---- Data for this exercise
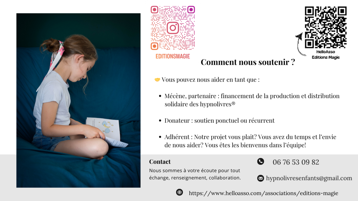 Chaque livre contient un QR code donnant accès à un enregistrement audio, pour guider l’enfant dans son expérience hypnotique.
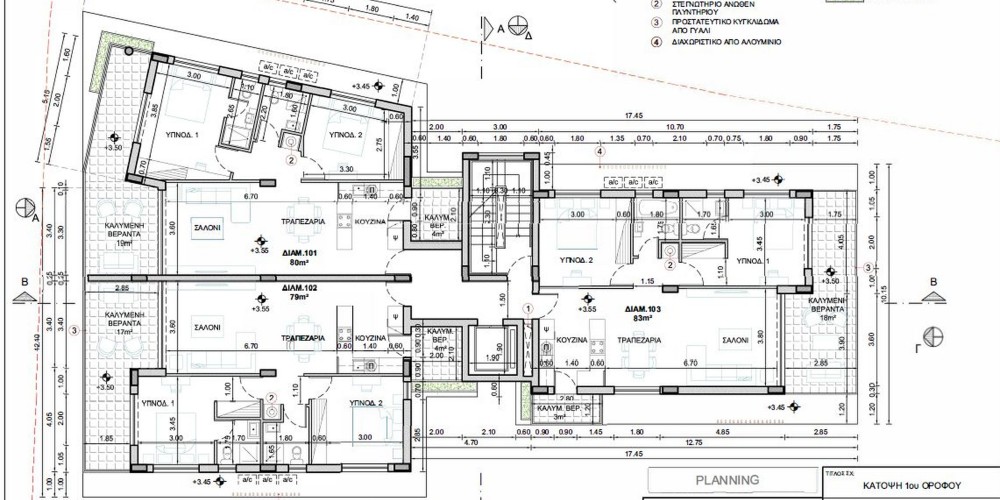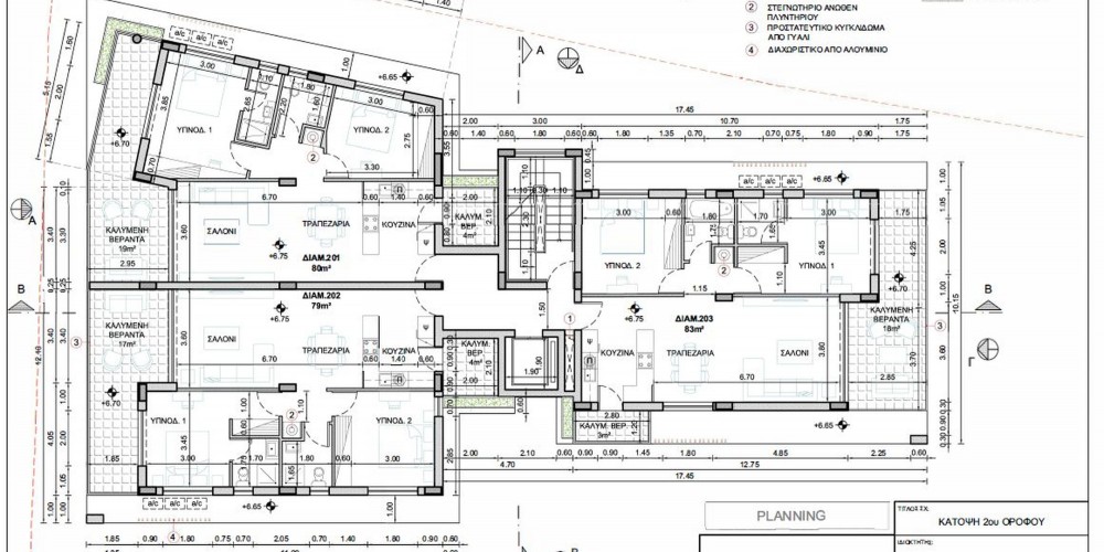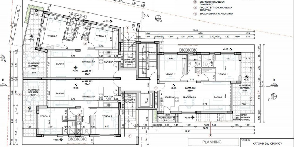 Здание состоит из 4-х этажов, 10 квартир с двумя спальнями и 1 квартиры с тремя спальнями. 3 квартиры на верхнем этаже включают сад на крыше с панорамным видом на Ларнаку.
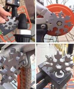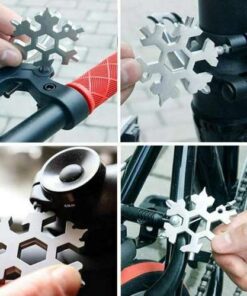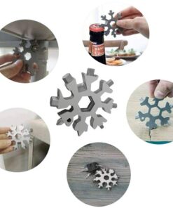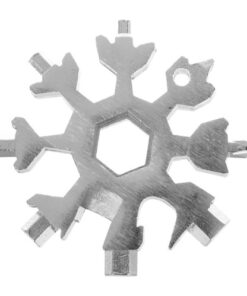 Ключодържател Снежинка 18 приложения. Представеният многофункционален ключодържател е универсален за използване – има цели 18 функции и може лесно да се използва както у дома, така и навън. Ще работи, наред с другото при ремонт на велосипеди и при отваряне на бутилки с капачки, както и по време на туризъм и много други дейности. Изработен от висококачествен материал, който е неръждаема стомана, благодарение на което е устойчив на корозия и всякакви механични повреди. Мултифункционалният ключодържател снежинка има компактни размери и тегло и уникален дизайн с форма на снежинка, така че можете да го носите удобно със себе си. есъмненото предимство на мултифункционалния ключ е, че има специален отвор, благодарение на който може да се прикрепи към халка за ключове и винаги да носите със себе си, например, заедно с други ключове. Включено: ключ за оцеляване „СНЕЖИНКА“ 18в1 + ключодържател:, шестостенни гаечни ключове, размери: 3, 4, 5, 6, 7, 8; размери на гаечни ключове: 6, 7, 8, 9, 10, 11, 12, 14; шлицова отвертка Phillips; отварачка за бутилки; резачка за кутии.
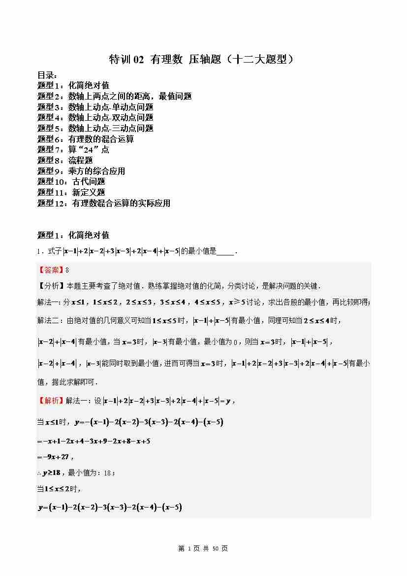 沪教版沪教版特训02:有理数压轴题(十二大题型)(解析版)
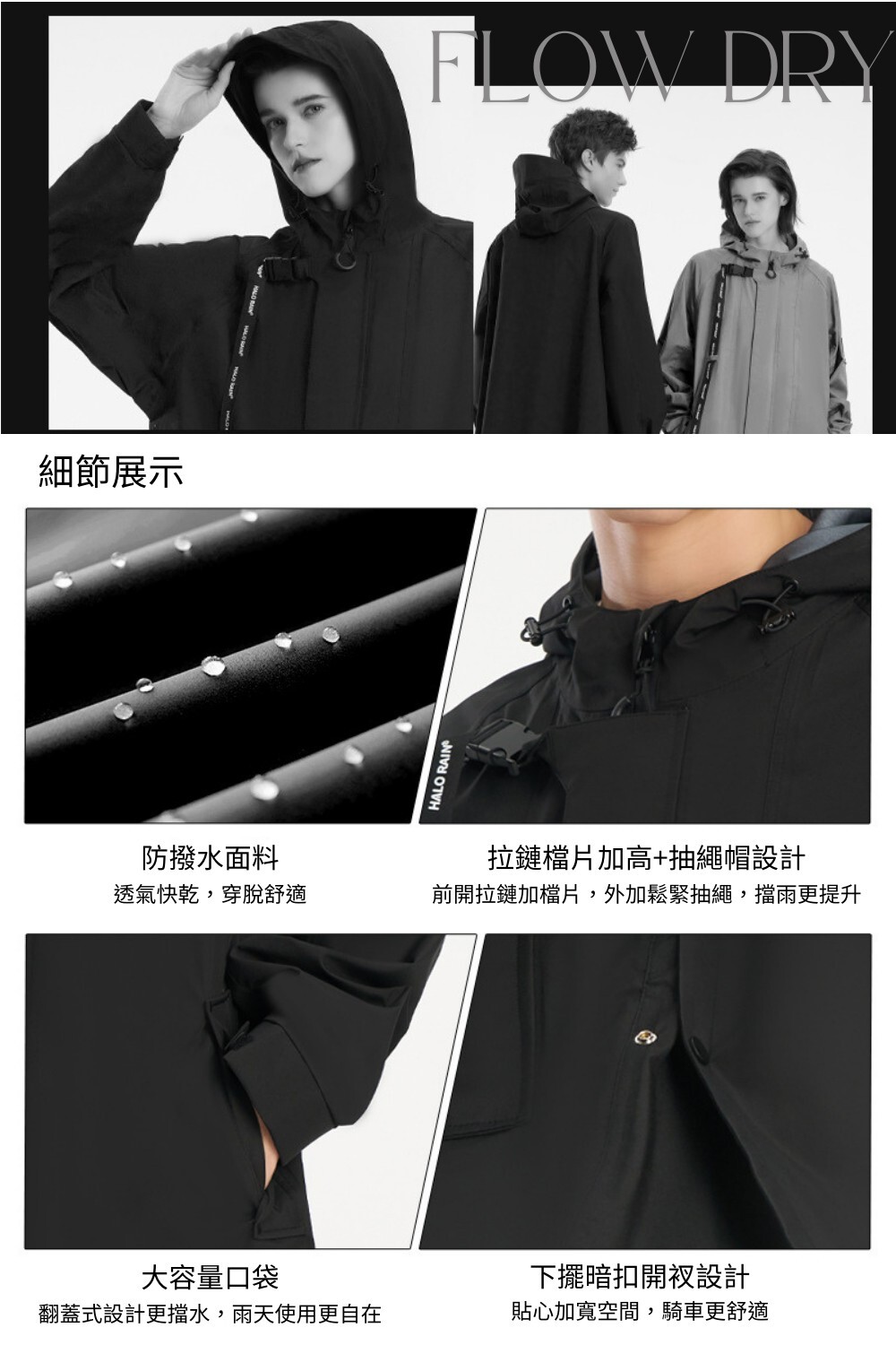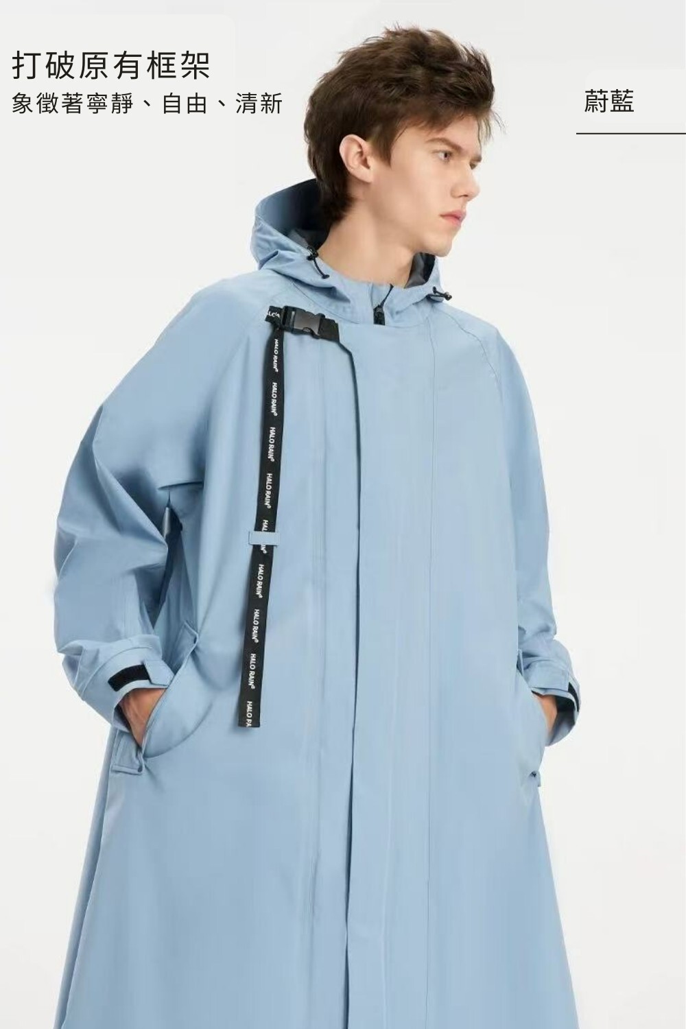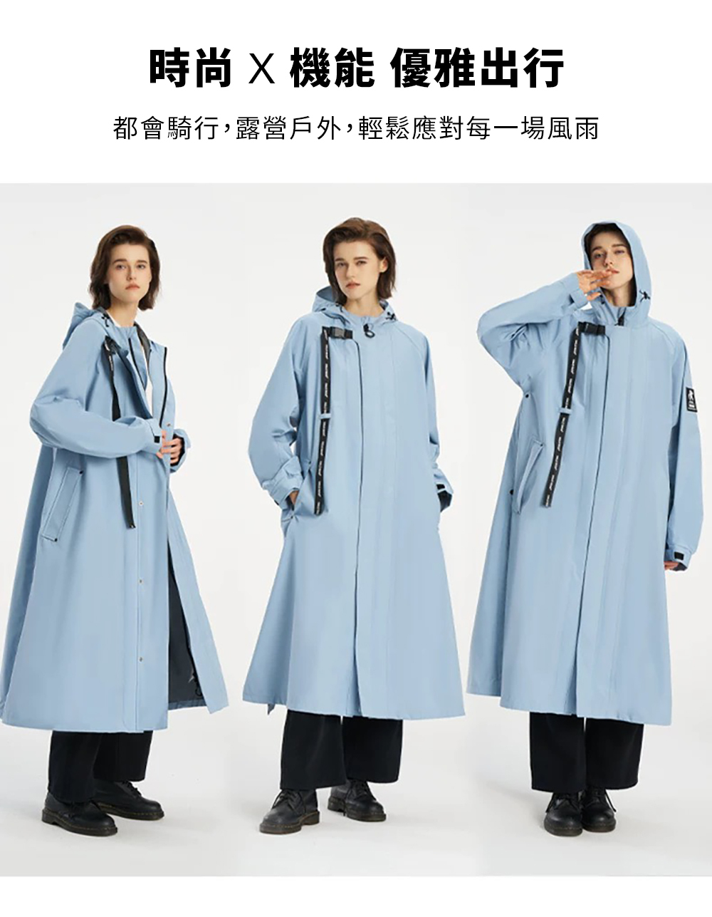 ✔️外型如風衣外套,穿著舒適不黏膚,擺脫傳統雨衣厚重感
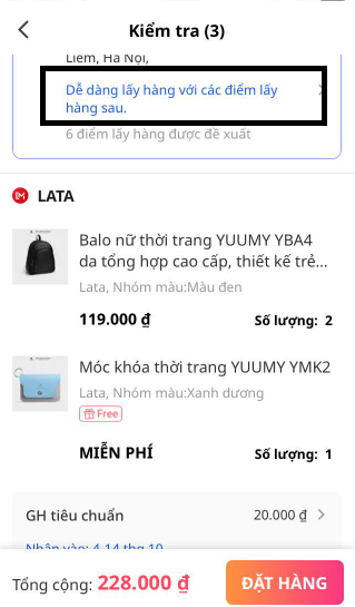 Lưu ý: Chỉ khi bạn chọn địa chỉ giao hàng ở Hà Nội hoặc Hồ Chí Minh thì mới hỗ trợ dịch vụ Điểm Lấy Hàng. Các tỉnh khác chưa được hỗ trợ dịch vụ này.
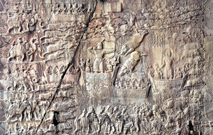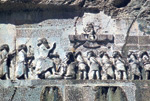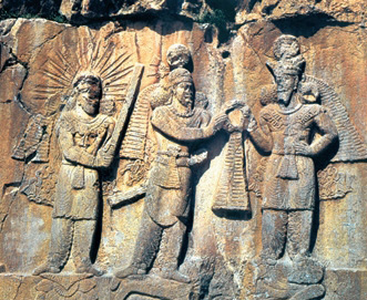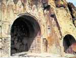 也是在萨珊王朝时期,公元591年~628年间,在靠近两河流域的塔基博斯坦的一个巨大岩洞内,留下了十分精彩的大型浮雕。(此时,印度已是笈多王朝,戒日王的统治再现了帝国的盛况,阿旃陀石窟正显辉煌。中国的敦煌、大同等地的石窟也正在蓬勃发展。
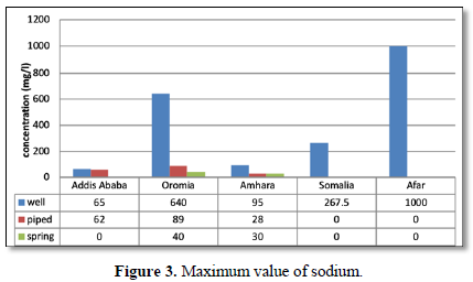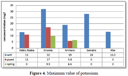 A very high sodium and potassium concentration in spring water sources are 40 mg/Land 9.9mg/l, in piped water sources, 89mg/l and 17mg/l from Oromia and well water sources, 1000 mg/L from Afar and 32 mg/l from Oromia respectively (Figures 3 and 4). In generally, all average concentration of sodium was found below 200mg/l in all regions and water type sources except Afar region in well water type source, whereas, all average concentration of potassium was found above 1.5 mg/l of drinking water standard of Ethiopia in all regions and water type sources.
--------
→ Aim of the task
Output the entries above exactly. Drop the pictures.

→ Task answer
 Chaque livre contient un QR code donnant accès à un enregistrement audio, pour guider l’enfant dans son expérience hypnotique.
 Здание состоит из 4-х этажов, 10 квартир с двумя спальнями и 1 квартиры с тремя спальнями. 3 квартиры на верхнем этаже включают сад на крыше с панорамным видом на Ларнаку.
 Ключодържател Снежинка 18 приложения. Представеният многофункционален ключодържател е универсален за използване – има цели 18 функции и може лесно да се използва както у дома, така и навън. Ще работи, наред с другото при ремонт на велосипеди и при отваряне на бутилки с капачки, както и по време на туризъм и много други дейности. Изработен от висококачествен материал, който е неръждаема стомана, благодарение на което е устойчив на корозия и всякакви механични повреди. Мултифункционалният ключодържател снежинка има компактни размери и тегло и уникален дизайн с форма на снежинка, така че можете да го носите удобно със себе си. есъмненото предимство на мултифункционалния ключ е, че има специален отвор, благодарение на който може да се прикрепи към халка за ключове и винаги да носите със себе си, например, заедно с други ключове. Включено: ключ за оцеляване „СНЕЖИНКА“ 18в1 + ключодържател:, шестостенни гаечни ключове, размери: 3, 4, 5, 6, 7, 8; размери на гаечни ключове: 6, 7, 8, 9, 10, 11, 12, 14; шлицова отвертка Phillips; отварачка за бутилки; резачка за кутии.
 沪教版沪教版特训02:有理数压轴题(十二大题型)(解析版)
 ✔️外型如風衣外套,穿著舒適不黏膚,擺脫傳統雨衣厚重感
 Lưu ý: Chỉ khi bạn chọn địa chỉ giao hàng ở Hà Nội hoặc Hồ Chí Minh thì mới hỗ trợ dịch vụ Điểm Lấy Hàng. Các tỉnh khác chưa được hỗ trợ dịch vụ này.
 也是在萨珊王朝时期,公元591年~628年间,在靠近两河流域的塔基博斯坦的一个巨大岩洞内,留下了十分精彩的大型浮雕。(此时,印度已是笈多王朝,戒日王的统治再现了帝国的盛况,阿旃陀石窟正显辉煌。中国的敦煌、大同等地的石窟也正在蓬勃发展。
 A very high sodium and potassium concentration in spring water sources are 40 mg/Land 9.9mg/l, in piped water sources, 89mg/l and 17mg/l from Oromia and well water sources, 1000 mg/L from Afar and 32 mg/l from Oromia respectively (Figures 3 and 4). In generally, all average concentration of sodium was found below 200mg/l in all regions and water type sources except Afar region in well water type source, whereas, all average concentration of potassium was found above 1.5 mg/l of drinking water standard of Ethiopia in all regions and water type sources.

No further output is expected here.